1. Die Berufung des Klägers gegen das Urteil des Sozialgerichts Altenburg vom 28. November 2019 wird zurückgewiesen.

2. Die Beteiligten haben einander keine Kosten zu erstatten.

3. Die Revision wird zugelassen.

 

Tatbestand

Die Beteiligten streiten über den Umfang der Haftungsbeschränkung nach § 1629a des Bürgerlichen Gesetzbuches (BGB).

Der 1998 geborene Kläger bezog mit seinem Vater als Bedarfsgemeinschaft Leistungen nach dem Zweiten Buch Sozialgesetzbuch (SGB II). Mit Bescheid vom 23. März 2016 setzte der Beklagte die Leistungen für die Bedarfsgemeinschaft für November 2015 endgültig fest und forderte mit weiterem Bescheid desselben Datums vom Kläger die Erstattung von 22,57 €. Hiergegen erhoben der Kläger und sein Vater Widerspruch.

Der Beklagte forderte mit weiteren Bescheiden wegen Überzahlungen in anderen Zeiträumen vom Kläger die Erstattung von 134,62 €, 145,06 € und 17,96 €.

Der Kläger begann am 1. August 2016 eine Ausbildung, bei welcher er Ausbildungsvergütung von 500,00 € brutto (401,87 € netto) monatlich erhielt. Diese wurde bis November 2016 gezahlt. Nachdem über das Vermögen des Ausbildungsbetriebes das Insolvenzverfahren eröffnet worden war, kündigte der Insolvenzverwalter das Ausbildungsverhältnis mit dem Kläger mit Schreiben vom 20. Dezember 2016 zum 31. Januar 2017. Die Bundesagentur für Arbeit bewilligte dem Kläger mit Bescheid vom 12. Dezember 2016 einmalig Insolvenzgeld für Januar 2017 in Höhe von 451,87 €. Die Auszahlung erfolgte am 15. Dezember 2016 auf das eigene Girokonto des Klägers, bei dem es sich nicht um ein Pfändungsschutzkonto handelt. Der Kläger hob am 15. Dezember 2016 400,00 € von seinem Konto ab, am 30. Dezember 2016 hatte das Konto einen Guthabenstand von 48,78 €. Am 13. Januar 2017 erfolgte die Zahlung der Ausbildungsvergütung für Dezember 2016 durch den Insolvenzverwalter.

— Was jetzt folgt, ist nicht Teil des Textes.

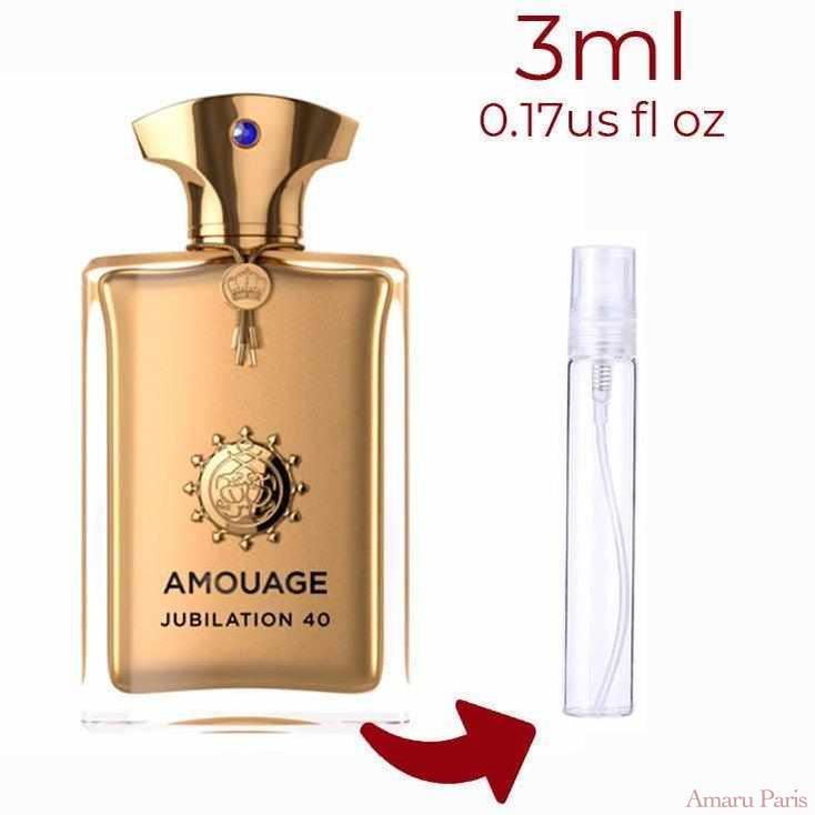 Jubilation 40 Man d'Amouage est un parfum boisé chypré pour homme. Il s'agit d'une nouvelle fragrance. Jubilation 40 Man a été lancé en 2023. Le nez derrière ce parfum est Bertrand Duchaufour. Les notes de tête sont la mûre, le labdanum, le cassis, l'orange, le davana et le romarin ; les notes de cœur sont l'encens, le genêt, le laurier, la cannelle, le clou de girofle, les graines de céleri et la rose ; les notes de fond sont l'opoponax, le patchouli, la myrrhe, la mousse, le bois d'agar (oud), le bois de gaïac, le cèdre, le musc, l'ambre gris et le ciste incanus.
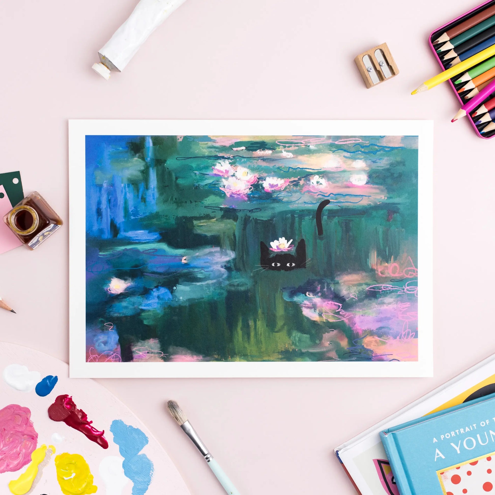 Dies ist die perfekte Wandkunst für Katzen- und Kunstliebhaber. Offensichtlich inspiriert von der Arbeit des Künstlers „Claude Monet“. Dieser Druck gibt eine lustige Interpretation des Kunstwerks „Water Lillies“.

Mit Schriftsatz vom 3. April 2017 berief sich der Kläger auf § 1629a BGB, er verfüge über kein Vermögen. Der Beklagte wies den Widerspruch mit Widerspruchsbescheid vom 10. November 2017 zurück. Die Berechnung der Erstattungsforderung sei zutreffend. Inwieweit die Forderung gegenüber dem Kläger durchsetzbar sei, könne derzeit nicht endgültig beantwortet werden, weil die in einem Parallelverfahren angeforderten Nachweise zum Vermögen noch nicht vorgelegt worden seien. Bis zu einer Klärung werde von einer Sollstellung abgesehen.

Der Beklagte hat im Hinblick auf die Beschränkung der Haftung nach § 1629a BGB von der Durchsetzung der Forderungen über 134,62 € sowie über 145,06 € abgesehen.

In dem gegen den Bescheid vom 23. März 2016 über die Forderung von 22,57 € gerichteten Klageverfahren hat der Kläger angegeben, er habe am 30. Dezember 2016 neben dem Kontoguthaben über 12,00 € Bargeld verfügt. Das Sozialgericht hat die Klage mit Urteil vom 28. November 2019 abgewiesen. Der Kläger könne sich nicht auf § 1629a BGB berufen. Sein Vermögen von insgesamt 60,78 € habe die noch geltend gemachten Forderungen des Beklagten in Höhe von 40,53 € überschritten. Die Pfändungsfreibeträge für Einkommen seien nicht zu berücksichtigen. Zudem seien die Voraussetzungen der vom Kläger geltend gemachten § 811 Abs. 1 Nr. 2 und Nr. 8 der Zivilprozessordnung (ZPO) nicht erfüllt.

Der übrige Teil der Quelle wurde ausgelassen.